Advances driven by last year’s ‘jumbo’ transactions
LONDON, 5 November 2020 – Aon plc (NYSE: AON), a leading global professional services firm providing a broad range of risk, retirement and health solutions, has said that while the UK risk settlement market has seen fewer mega deals in 2020, it has still thrived. Mid-sized and smaller schemes have been increasingly active, taken advantage of spare capacity and leveraged some of the innovations from the largest transactions of 2019.
The risk settlement market of 2019 saw a significant change in the size of schemes coming successfully to the market. ‘Jumbo’ transactions of more than £2.5 billion, including those for Asda, National Grid, Rolls-Royce and Telent, were all completed during the year. By contrast, the biggest deal announced so far this year was one of £2 billion.

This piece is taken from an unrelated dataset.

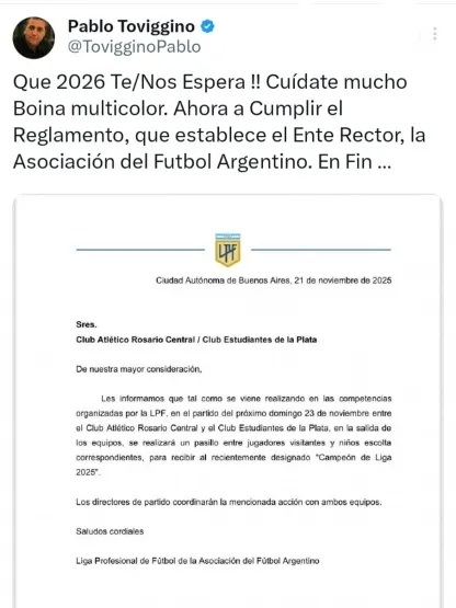 El último cruce mediático fue este viernes. Toviggino redobló la apuesta y dio a conocer que el Pincha debía hacer un "pasillo de honor" al Canalla y apuntó contra Verón.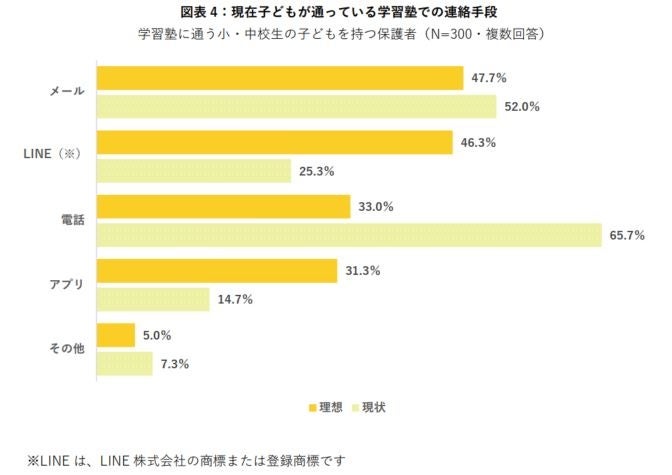 - また、保護者とのコミュニケーション内容についても、理想はメールやLINE(※)である一方で、現実としては電話が多いという結果となりました。退塾理由の共通認識としてもコミュニケーションが双方からあげられ、デジタル化をしたい部分として上位であることを考えると、デジタル化したほうが良いことはわかっていながらも塾経営の運用を変えることが難しいという実態が読み解けます。

Nevertheless, while the top end of the market has changed, the lessons learnt from recent jumbo transactions have cascaded down and been used by schemes of all sizes which have transacted in 2020.
John Baines, partner in Aon’s Risk Settlement team, said:
“Nothing much has been ordinary or gone to plan in any market during 2020 and the risk settlement market is not necessarily an exception to that. Even so, we still expect it to reach over £50 billion by the year’s end – and this is despite the lack of the jumbo transactions that we saw last year. In fact, one of the hallmarks of 2020 has been the smartness and adaptability of mid-sized transactions in learning from and embracing the innovations that went into the major transactions of last year.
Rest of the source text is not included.